- _GIVEN RECORDS_:

==================================================

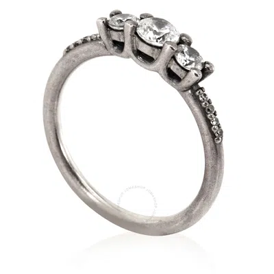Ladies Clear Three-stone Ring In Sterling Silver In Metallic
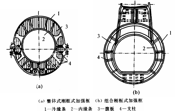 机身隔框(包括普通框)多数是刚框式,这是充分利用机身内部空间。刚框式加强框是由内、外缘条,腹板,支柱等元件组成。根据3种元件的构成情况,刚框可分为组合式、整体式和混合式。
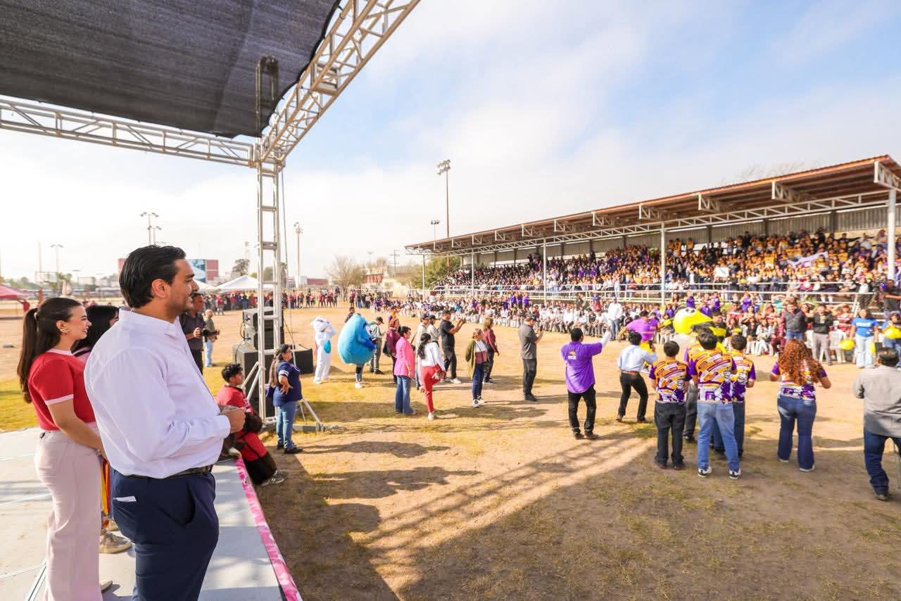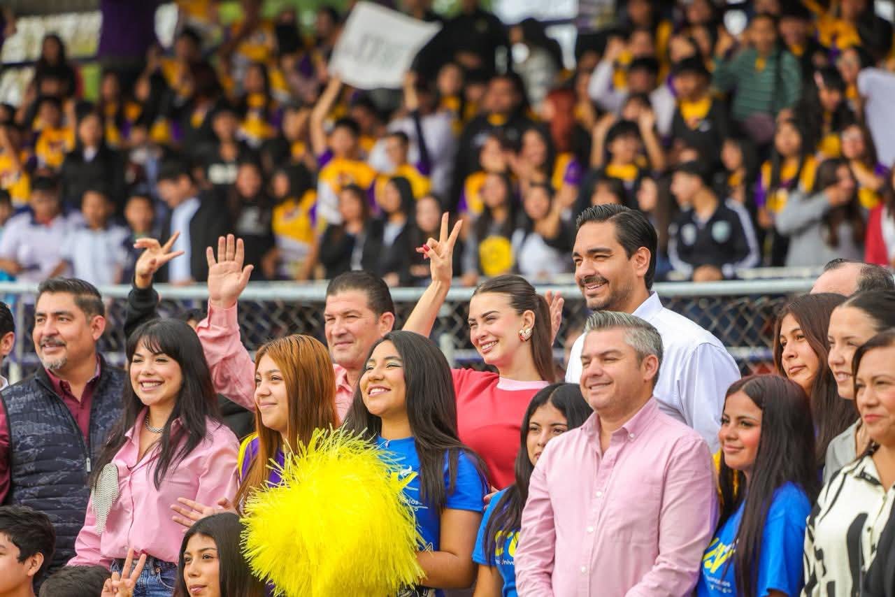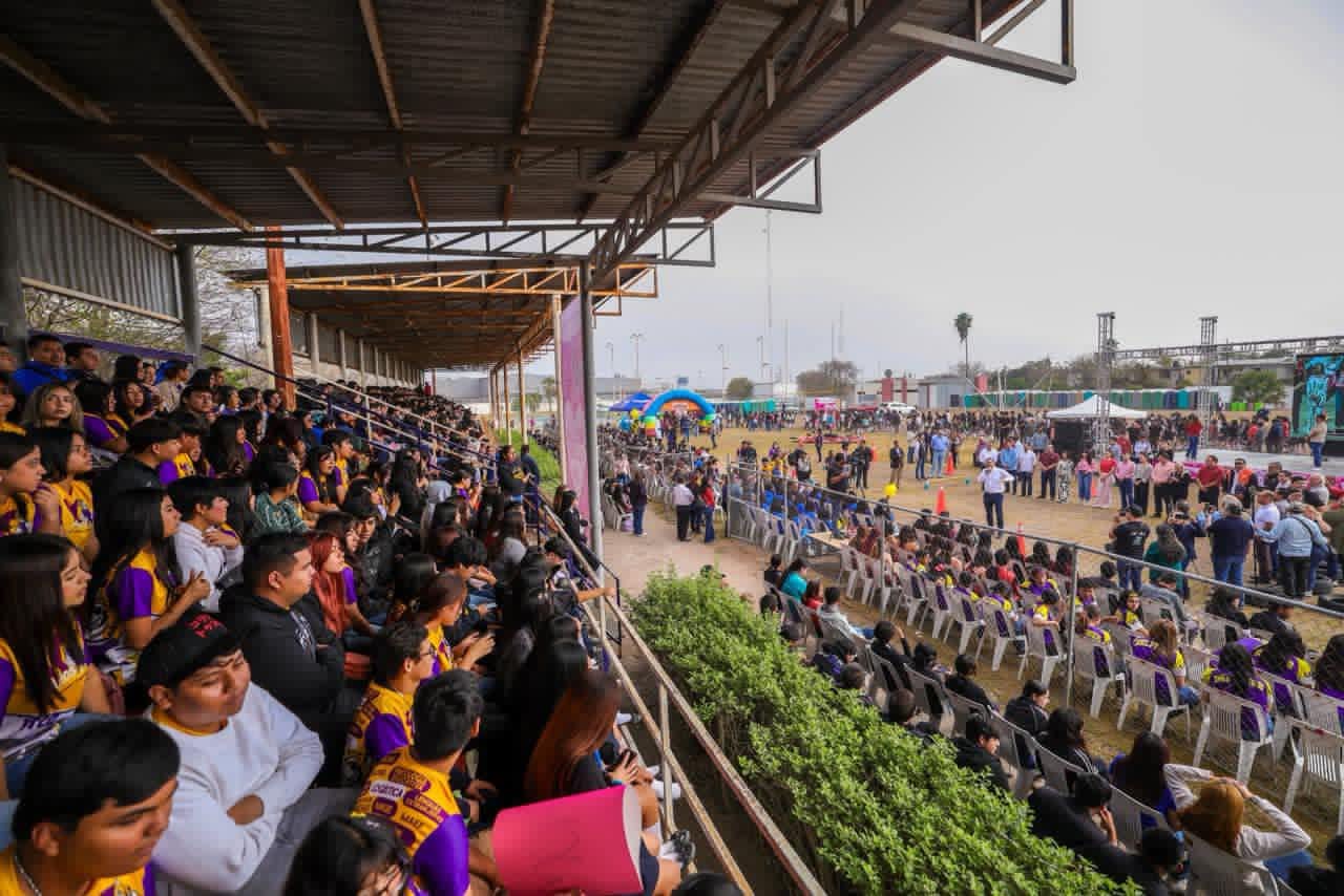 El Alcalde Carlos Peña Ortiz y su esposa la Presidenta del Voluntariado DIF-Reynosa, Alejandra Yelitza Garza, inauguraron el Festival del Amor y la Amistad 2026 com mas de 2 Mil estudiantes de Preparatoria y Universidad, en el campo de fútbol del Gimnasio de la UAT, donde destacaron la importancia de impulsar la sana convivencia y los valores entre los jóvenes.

==================================================

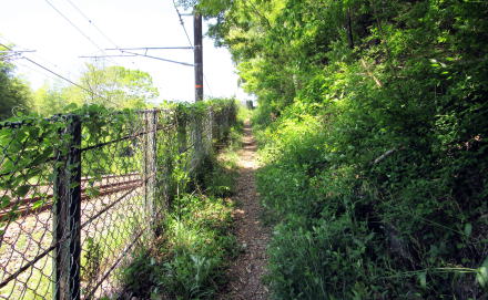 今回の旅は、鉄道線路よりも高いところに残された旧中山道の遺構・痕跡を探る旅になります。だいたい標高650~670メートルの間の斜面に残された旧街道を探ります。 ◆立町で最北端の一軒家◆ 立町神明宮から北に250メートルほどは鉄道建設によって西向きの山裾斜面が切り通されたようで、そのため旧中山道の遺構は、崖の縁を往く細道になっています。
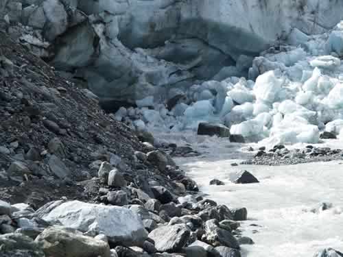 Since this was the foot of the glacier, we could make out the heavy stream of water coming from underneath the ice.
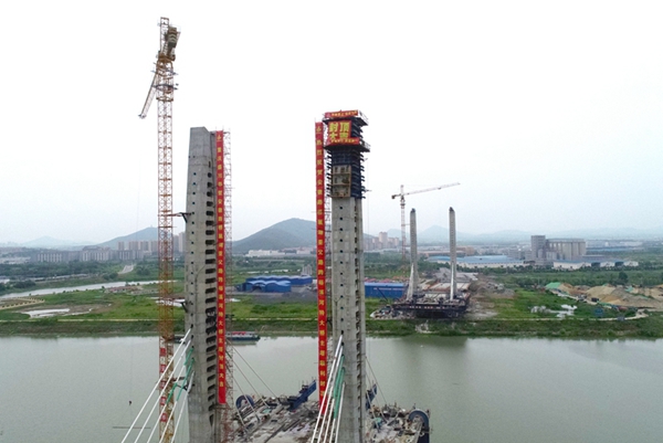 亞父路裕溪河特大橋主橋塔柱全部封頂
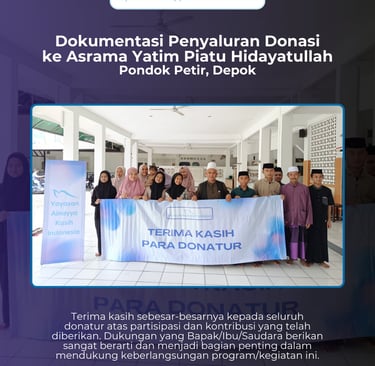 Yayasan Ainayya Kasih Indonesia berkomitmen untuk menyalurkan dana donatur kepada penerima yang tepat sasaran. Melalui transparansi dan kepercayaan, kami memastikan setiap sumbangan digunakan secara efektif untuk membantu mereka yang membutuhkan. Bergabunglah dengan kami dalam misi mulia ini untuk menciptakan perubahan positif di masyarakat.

==================================================

Quote word for word only the lines above from the one containing "亞父路裕溪河特大橋主橋塔柱全部封頂" through the one containing "Yayasan Ainayya Kasih". Pictures stay out of your copy.

- _SOLUTION TO THE PROBLEM_:
 亞父路裕溪河特大橋主橋塔柱全部封頂
 Yayasan Ainayya Kasih Indonesia berkomitmen untuk menyalurkan dana donatur kepada penerima yang tepat sasaran. Melalui transparansi dan kepercayaan, kami memastikan setiap sumbangan digunakan secara efektif untuk membantu mereka yang membutuhkan. Bergabunglah dengan kami dalam misi mulia ini untuk menciptakan perubahan positif di masyarakat.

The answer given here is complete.